I was twelve-years old when Anita Hill testified against Clarence Thomas. My parents followed the proceedings, so I remember being aware of the names and basics, but didn't have a clue how salacious it all was until I was an adult.
Back then, you either turned on network television or you didn't, and if you preferred your kids not asking you to explain what Thomas found on his Coke can, you just tore that particular page from the newspaper before they got to it.
Today, we don't have that luxury. Today we have constant, instant access to information and as a result, are raising a generation more aware than ever of what's happening in the world around them.
So we talk about it.
And while I would certainly prefer that a discussion on Supreme Court appointments was simply an explanation of our independent judicial branch, checks and balances, and upholding the Constitution, this one also happens to involve drunken minors and accusations of groping and gang rape.
With our daughters, the discussions we should have when stories like this arise are obvious. Unsafe behavior. No means No. Never feeling ashamed to report something that makes them uncomfortable. Bonus points if they tolerate your rendition of the Girl Scout classic, "Stop! Don't touch me there! This is my no no square!"
The discussion with our boys, on the other hand. Now that's a different story.
Google "How to talk to boys about sexual harassment," and you'll find endless advice based on the assumption that sexual misbehavior is inevitable. Our sons have been conditioned, after all, by a culture that condones violence against women. Even more frightening? Someday they'll grow up to be (gasp) men.
One article, published by The Globe and Mail, says that a discussion with young boys about acceptable behavior toward women is "urgent," as though they're all little misogynists just champing at the bit, waiting for their chance to make unwanted advances. It says, "When powerful, prominent adult men are groping their coworkers and exposing themselves to interns, how can we expect our sons to act any differently?"

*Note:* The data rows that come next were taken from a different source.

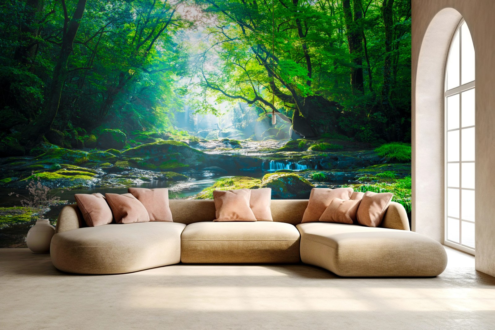 Fototapete Sonnendurchfluteter waldbach mit moosbedeckten steinen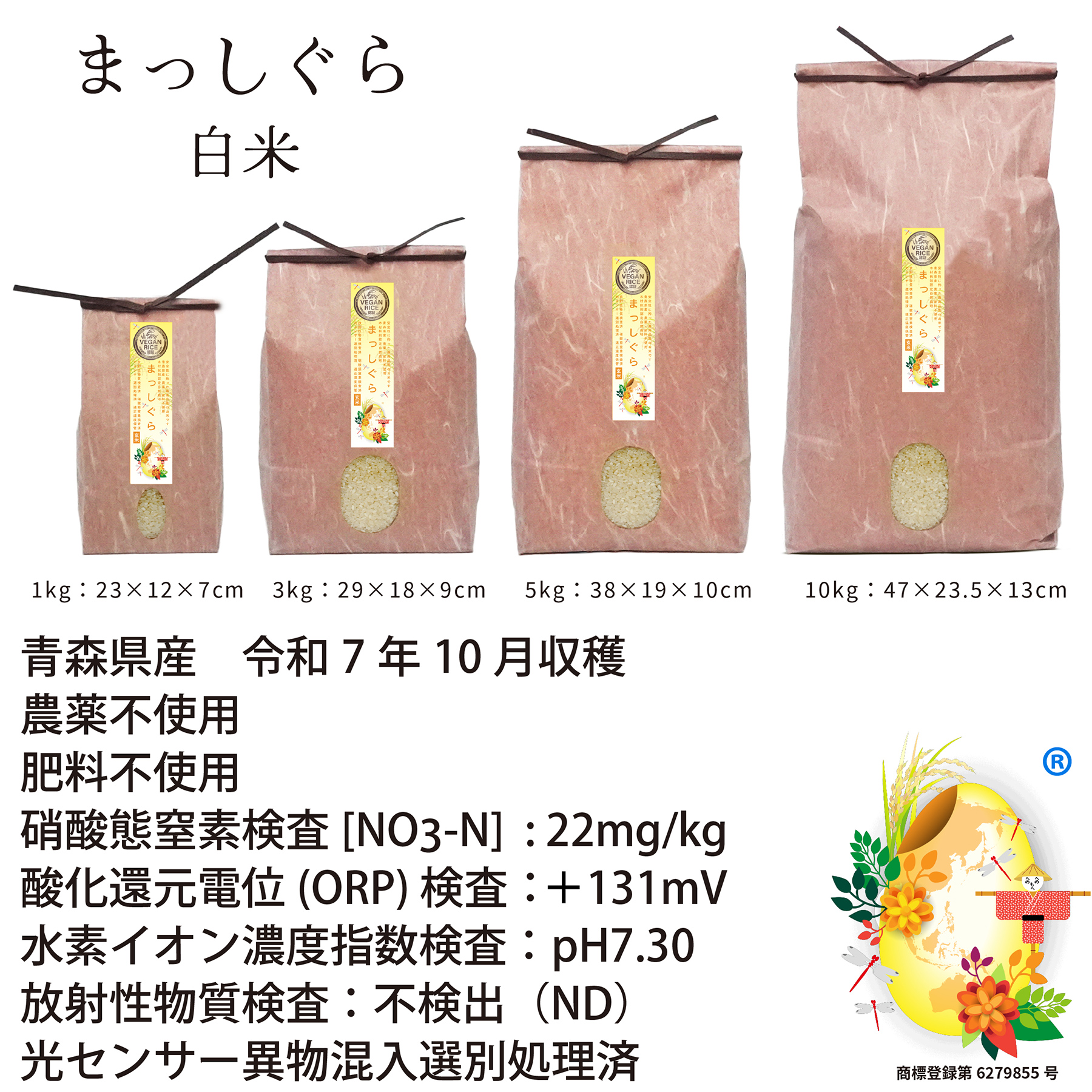 【新米】 自然栽培の白米 まっしぐら 令和7年産 農薬・肥料不使用 青森県産 VEGAN RICE認証米 精白米
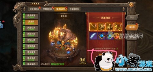 黄金boss是稀有boss,最低等级是1500级,最高等级3400级,即使是最多等级的黄金boss也需要玩家(0元党)等级在300级之上才可以打过。1900级以上的黄金boss就会掉落绝学与秘籍了。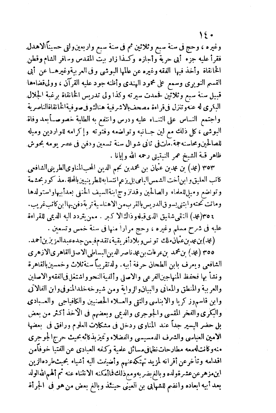 353 - مُحَمَّد بن مُحَمَّد بن عُثْمَان بن مُحَمَّد بن نجم الدّين الْمُحب الْمَنَاوِيّ الطريني الشَّافِعِي كَاتب العليق وَابْن أخب الشَّمْس البامي بل يزْعم انتسابه للطرينيين بالمحلة. / مَذْكُور بحشمة وتواضع وميل للْعُلَمَاء وَالصَّالِحِينَ وَقد تزوج ابْنة السَّيْف الْحَنَفِيّ بعد أَبِيهَا واستولدها وَمَاتَتْ تَحْتَهُ وابتنى بسوق الدريس بِالْقربِ من الأهناسية تربة دفن بهَا ابْن كَاتب غَرِيب.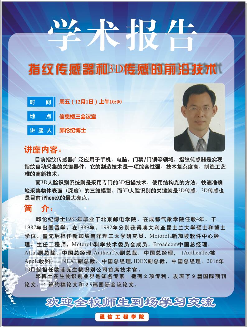 上一条:欧菲光生物识别公司首席技术官邱伦纪博士应邀来我校作学术报告

To which I say, speak for yourself.
During the Kavanaugh hearing yesterday, a group of protestors stood on Capitol Hill wearing shirts that said, "Men are Trash," and I wasn't the least bit surprised. The last couple weeks have demonstrated that it's no longer enough to assume that all women are innocent. We also have to assume that all men are guilty.
Of course I want my daughters to understand that some men are predators. Of course I want them to be able to protect themselves, and to know their rights. But I also want my sons to understand that most men are not predators, and to know that they have rights too.
They have the right, for instance, to be unapologetically male. I want them to grow into men who aren't ashamed on behalf of their gender, or sorry for crimes they haven't committed.
When I was 9-years old, a man exposed himself to me and my friends after school. We were walking home and just as we passed his house he appeared facing us from his garage, naked. We ran home and told our parents, who of course unleashed fury and all of their legal rights, and found us a new route home from school.
What they didn't do, is generalize his behavior in a way that made me fearful of all men. Never once after that incident did it occur to me that because one idiot exposed himself, that every man I met wanted to expose himself. I understood him to be an isolated nut job, and experience since has taught me that women are also capable of disgraceful conduct.
Yes, men start wars. Men commit crimes. Men sexually assault women. But not the men I know. The men I know are respectable, and respectful. They are strong, self-sacrificing gentlemen. They are providers, protectors, and defenders of their families.
This is the conversation I have with my boys.
Because as troubling as it is to imagine my daughters feeling like they can't speak to defend their rights, I also find it troubling to imagine my sons feeling like they can't speak to defend their rights; to not be slandered or dragged through the mud by a culture of guilty until proven innocent.
I have two daughters and two sons, and when people hear this they often make friendly jokes about how lucky we are to have a level playing field. I tell them I'm doing my best.